A simulação é então forma de um irreal que se realiza no seu próprio simulacro. A necessidade de um original cessa de ter validade, já que a virtualidade toma forma de um adormecimento dentro do adormecimento, um transe imagético e sensorial que é de molde a aterrorizar e encantar simultaneamente.
O nível do temor: o irreal demasiado real, perfeitamente realizado, o hiperreal que é outro lugar, mas que é, imediatamente, “o lugar”, “o espaço”, o estado de consciência do “estar no real”, o simulacro que suplanta o original e que não necessita deste; o nível de encantamento: os jogadores controlam a lógica interna da hipernarrativa fílmica – os “filmes-jogo” dentro do “filme-jogo” – à medida que essa mesma lógica se vai construindo a si mesma e na qual estão imersos e da qual são perigosamente dependentes e com ela “inter-hiper-ligados”. Aí tornam-se importantes as questões do cenário, do argumento, do enredo. Têm de fugir, enganam, traem.
O encantamento com a narrativa e com a ondulação da narrativa é ainda uma que lhes traz uma dúvida maior: se a hiper-realidade se rompe, morrerão eles? Quando termina o jogo? Quando é que as personagens são já os agentes humanos reais e não os atores virtuais? Quando Allegra e Pikul se viram um contra o outro, a virtualidade é de tal modo enganadora que o cenário original já foi tão ultrapassado que pode ter sido, ele mesmo, um outro “cenário-simulacro”, um outro irreal realizado.
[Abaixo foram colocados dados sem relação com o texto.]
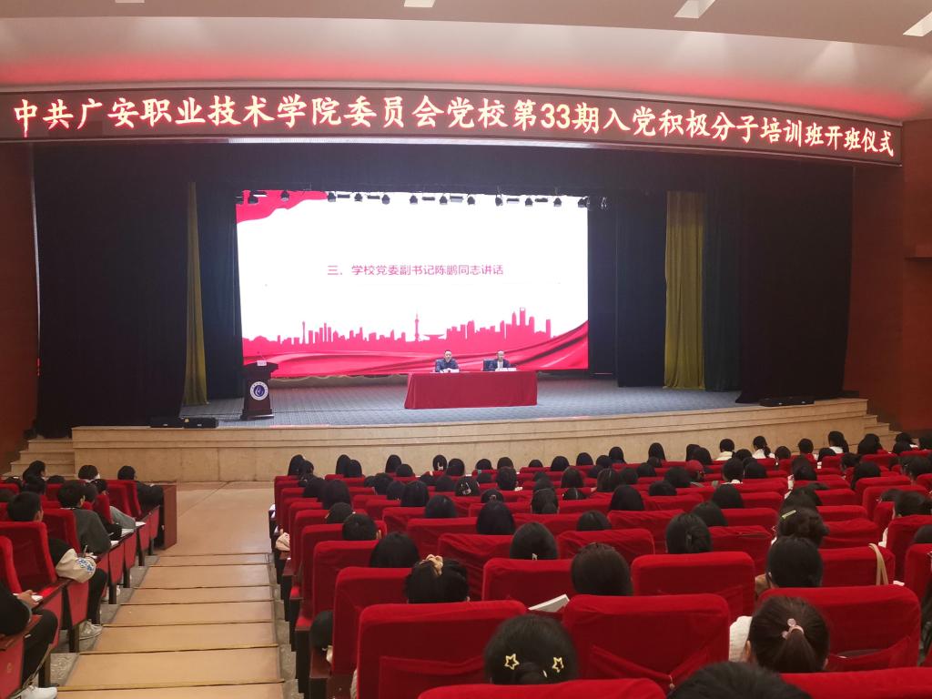 开班仪式在雄壮的国歌声中拉开序幕。陈鹏在开班仪式讲话中指出,开展入党积极分子培训,是贯彻落实全面从严治党,确保党员发展质量的需要;是加强组织培养,提高入党积极分子思想认识和党性觉悟的需要;是抓基层打基础,加强基层党支部建设的需要。他强调,入党积极分子要珍惜这次难得的学习机会,要静下心来学、深入思考学、联系实际学、严守纪律学,做到学有所获、学有所悟、学有所为。他希望入党积极分子要努力做新时代的新青年,要有矢志不渝的理想追求、爱国为民的家国情怀、勤奋好学的进取精神、求真务实的良好作风、艰苦奋斗的优秀品质,坚定党的信念,用实际行动来争取早日加入党组织。

No fim, o jogo termina, mas não se encerra: os dois regressam ao ponto de partida, à sala onde Allegra conduzia um jogo de realidade virtual biotecnológica e em que Pikul era o responsável de Relações Públicas da empresa para a qual ela testava o jogo. Mas mesmo esse cenário é um ecrã hiper-real: os dois são agora outras personagens de um jogo que começou mesmo antes do filme “Existenz” se ter iniciado. O inicio do filme visto, a sua primeira cena era já um hiperfilme, uma sequência de um jogo que continuará após o corte para negro. E esse hiper- real é o filme enquanto irreal realizado pelo cineasta David Cronenberg: o seu filme sobre o virtual é um hiper-real que não se fecha, pois há um filme que está antes e depois dele e que é um que pode ser especulado e que, como tal, há de ser sempre uma virtualidade.
É então um temor e um encantamento que só podem ser sentidos para “cá do ecrã”, o simulacro visto é um que deixará sempre dúvidas – o cenário maior das personagens era ou não “real” para elas? – o que diz muito sobre o poder do cinema, por ser um hiperreal total: um virtual que, um piscar de olhos, nos leva a hiperespaços fantasmáticos, encantadoramente atemorizantes: onde é que poderíamos nós encontrar armas feitas de ossatura animal e que disparam dentes? Só mesmo nessa realidade virtual única que é o “cinema-simulação” de David Cronenberg.